== Provided data ==
:::
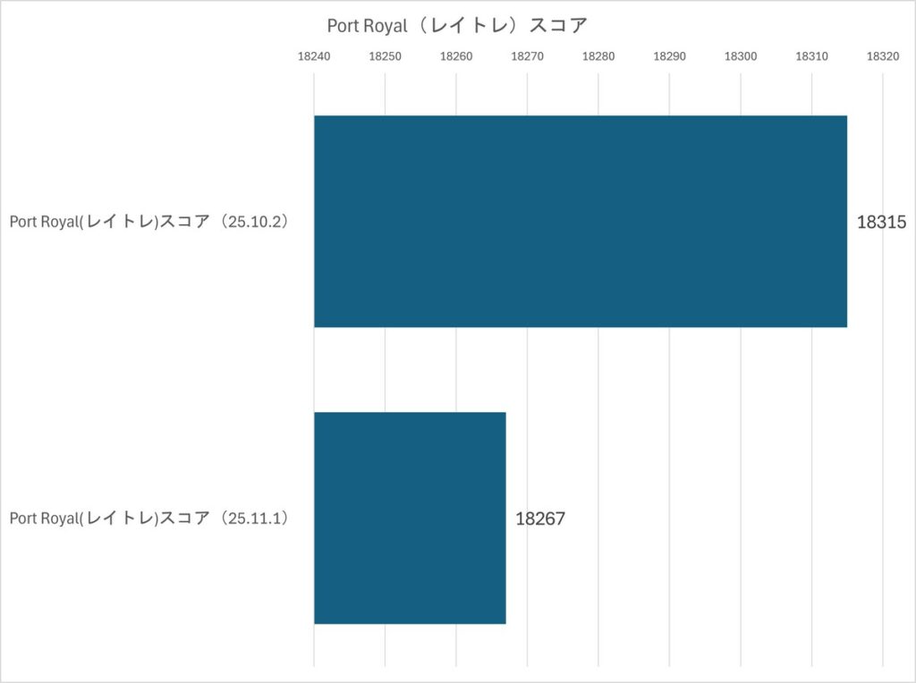 レイトレスコアもグラフだと大きく見えますが、実際の値は0.3%未満の違いしかなく、誤差範囲といえます。
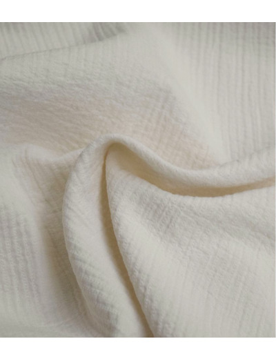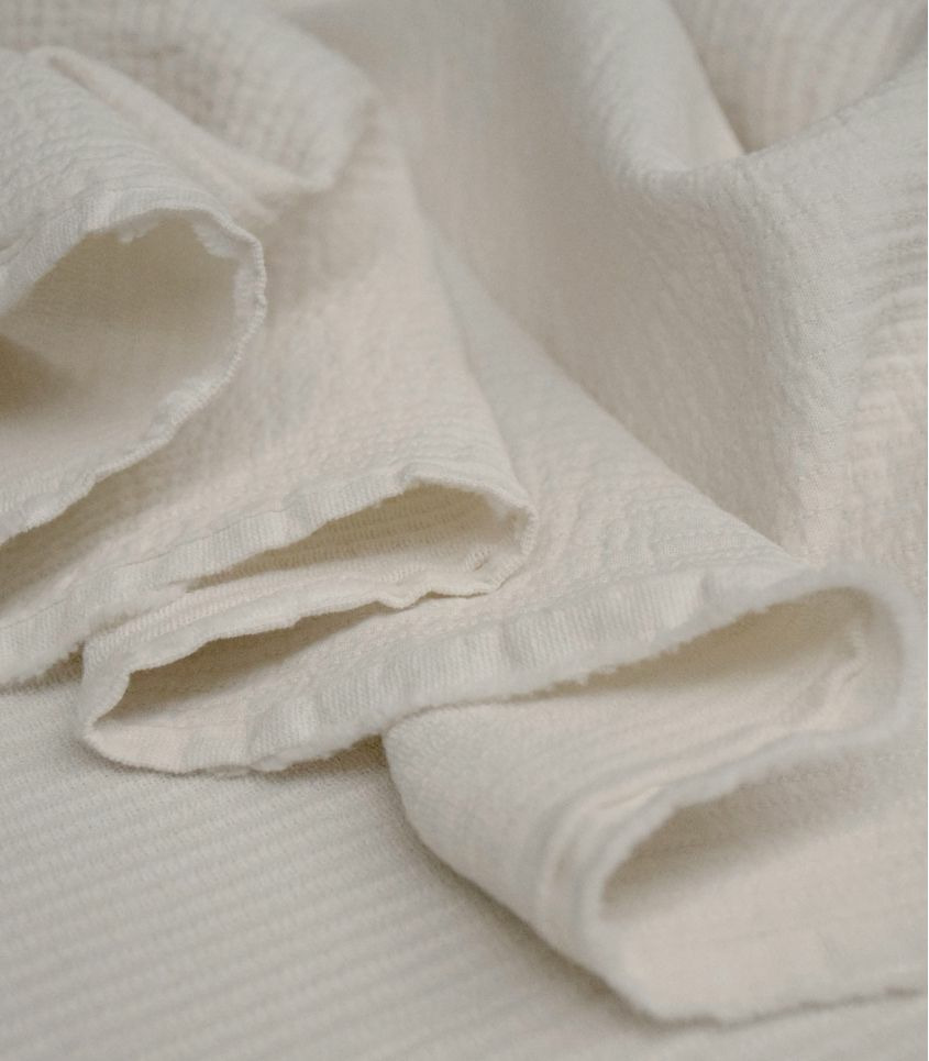 Tissu en coton écru composé de deux épaisseurs de coton fin. Les deux épaisseurs de tissus sont subtilement assemblées de coutures parallèles à la lisière formant une rayure verticale espacées de 5mm.
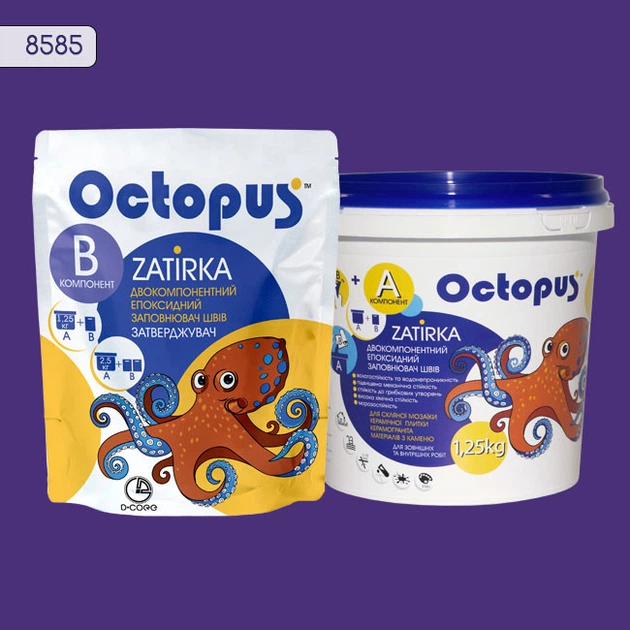 Двокомпонентна епоксидна затирка фуга для плитки і мозаїки ТМ "OCTOPUS", колір 8585 1,25 кг
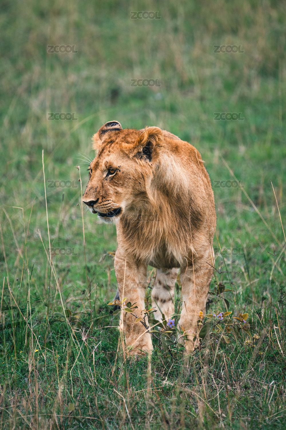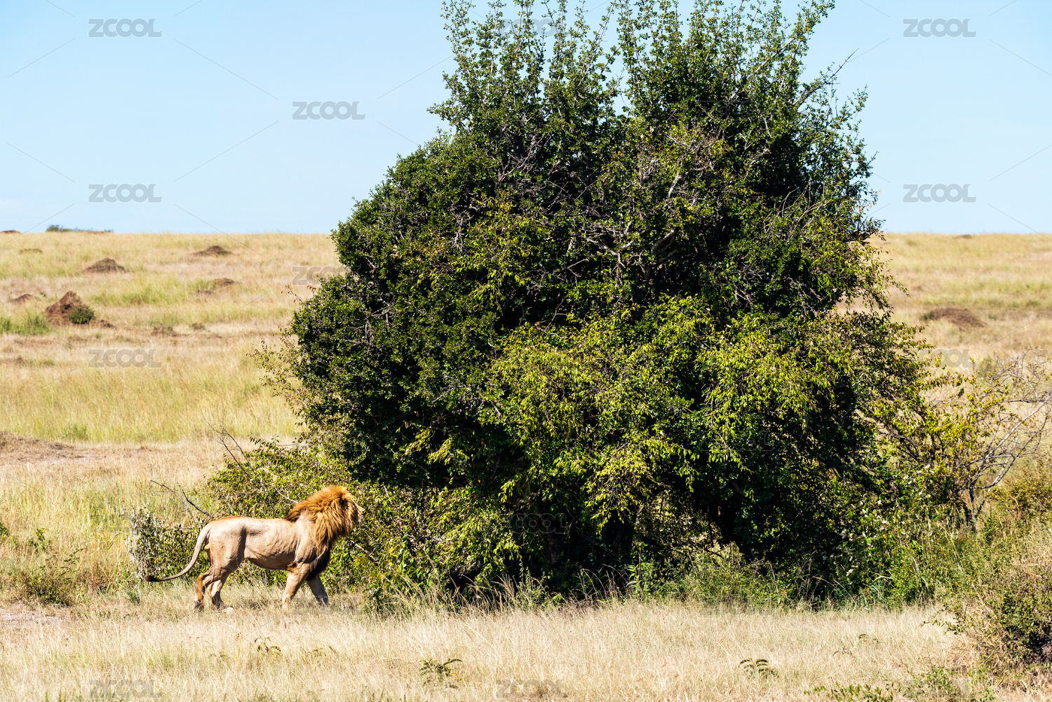 非洲肯尼亞馬賽馬拉草原上上一只雄獅正在走向灌木叢
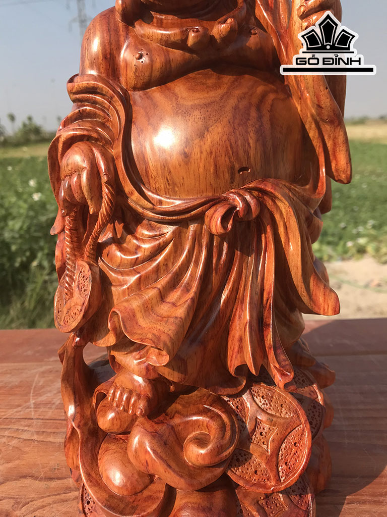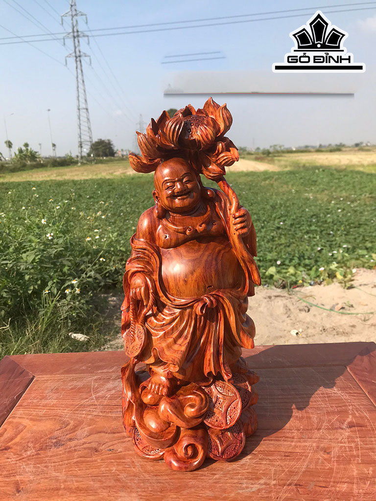 Tượng Phật Di Lặc Vác Cành Sen Gỗ Sưa Cao 36 Ngang 17 Sâu 17 (cm)
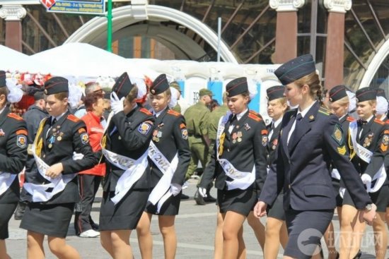 图片 俄军校女生大晒美腿 集体亮相合影(1)_第一足球网_足球比分直播-投注官网
:::
== Assignment ==
Everything from the opening line of the data through the line with "Двокомпонентна епоксидна затирка" should be repeated exactly; leave the pictures out.

== Output for this exercise ==
 レイトレスコアもグラフだと大きく見えますが、実際の値は0.3%未満の違いしかなく、誤差範囲といえます。
 Tissu en coton écru composé de deux épaisseurs de coton fin. Les deux épaisseurs de tissus sont subtilement assemblées de coutures parallèles à la lisière formant une rayure verticale espacées de 5mm.
 Двокомпонентна епоксидна затирка фуга для плитки і мозаїки ТМ "OCTOPUS", колір 8585 1,25 кг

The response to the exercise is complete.